- Artist: L. S. Lowry
- Year: 1957
- Medium: Oil on board
- Movement: Naïve art
- Dimensions: 35.5 cm × 30.5 cm (14 in × 12 in)
- Location: The Lowry, Salford;

= Portrait of Ann =

1957 painting by L. S. Lowry

Portrait of Ann (1957) is a painting by British artist L. S. Lowry (1887–1976). Opinion remains divided as to the identity of the subject, who appears in many of Lowry's works, and her significance for the artist.

==Background==
Lowry was elected an Associate of the Royal Academy in 1955, an appointment that brought him a wider recognition in the art world than he had been previously afforded. On 1 November 1957 he appeared on the front page of The Manchester Guardian with his proposal for the academy's Spring Exhibition the following year. Although Lowry had painted portraits before (cf. the 'Horrible Heads' series from the 1930s), Portrait of Ann was seen as a major departure from Lowry's stock images of industrial scenes and millscapes - not least because Lowry very rarely used women as his subjects. Lowry described the style of the painting as being "modernist", explaining that the sitter "did not want her picture to be realistic; it had to be stylised." In common with Lowry's other oil paintings, Ann was executed using ivory black, vermilion, prussian blue, yellow ochre and flake white with no medium.

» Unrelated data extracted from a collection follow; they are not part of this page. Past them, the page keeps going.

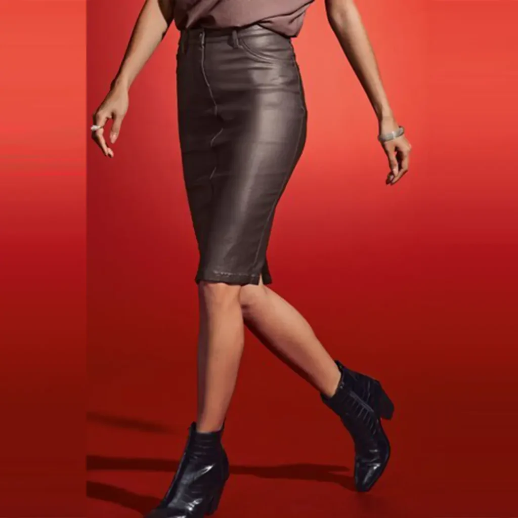 🟣 دامن میدی طرح چرم قهوه ای نکست NEXT 👀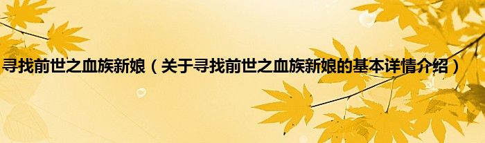 本文关于寻找前世之血族新娘的基本详情介绍就讲解完毕,希望对大家有所帮助。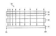 図14は、上記の半導体レーザ31に波長変換素子33及び外部共振器35を組み合わせた光源装置32の概略構成を示す。外部共振器35は、半導体レーザ31に設けられた各発光部12(図11参照)からのレーザ光を共振させる。波長変換素子33は、複数の発光部12及び外部共振器35の間の光路中に設けられている。波長変換素子33は、各発光部12からのレーザ光の波長を変換させる。波長変換素子33としては、例えばSHG素子を用いることができる。波長選択素子34は、波長変換素子33及び外部共振器35の間に設けられている。波長選択素子34は、所定の波長のレーザ光を選択的に透過させる。なお、外部共振器35は、図11に示す光源装置30に適用することとしても良い。  FIG. 14 shows a schematic configuration of a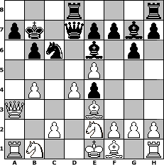 game notation in PGN-format [Event "RDK Open 2007"] [Site "www.myChess.de"] [Date "2007.05.29"] [Round "1"] [White "Meta"] [Black "BirdofPray1"] [ECO "A00"] [WhitemyELO "2197"] [BlackmyELO "2215"] [Result "1/2-1/2"] [TimeControl "10/3456000"] [WhiteDays "40"] [BlackDays "32"] [MyChessNo "35261"] 1. Nc3 d5 2. d4 g6 3. e4 Nf6 4. e5 Ne4 5. Qd3 Nc6 6. Nge2 Bf5 7. Nxe4 dxe4 8. Qc4 Be6 9. Qc3 Qd7 10. Be3 O-O-O 11. b4 Bg7 12. a4 b6 13. a5 Kb7 14. axb6 cxb6 15. Qa3 1/2-1/2 position notation in FEN-format 3r3r/pk1qppbp/1pn1b1p1/4P3/1P1Pp3/Q3B3/2P1NPPP/RN2KB1R - KQ - 1 15 Captured white pieces: Captured black pieces: Click on a captured piece in order to display the desired move!

Upon its eventual exhibition, the painting was criticised by the art critic G.S. Whittet in the August 1958 edition of The Studio as having a "crudely stylised face", but it was not without its supporters; Nesta Ellis, writing for the Sphinx art journal, thought the painting "gave the impression of an impassive yet willful woman". Ann was never sold at auction, but instead remained the property of the artist until it was bequeathed to Salford Museum and Art Gallery upon his death in 1976.

==The subject==
Lowry told the features reporter for the Manchester Guardian that Ann was 25 years old, lived in Leeds and was "the daughter of some people who have been very good to me." The architect and Manchester academician Frank Bradly, a friend of Lowry's, stated that Lowry had told him she was a pupil of his mother's who had died when she was 25. The artists Harold Riley and Pat Gerrard Cooke both claim that Lowry informed them Ann was a friend from Lytham St Annes who died when she was in her early twenties. When Portrait of Ann was included as part of Manchester City Art Gallery's Lowry retrospective in 1959, however, the exhibition catalogue listed the work as being "lent by the sitter" (named on the index of lenders as a 'Miss Ann Helder') although, unlike the other works included at the exhibition, no correspondence appears to exist between the curatorial team and the owner.

==Sources==
- Howard, Michael (2000). "Lowry — A Visionary Artist"
- Rohde, Shelley (2000). "L.S. Lowry: A Biography"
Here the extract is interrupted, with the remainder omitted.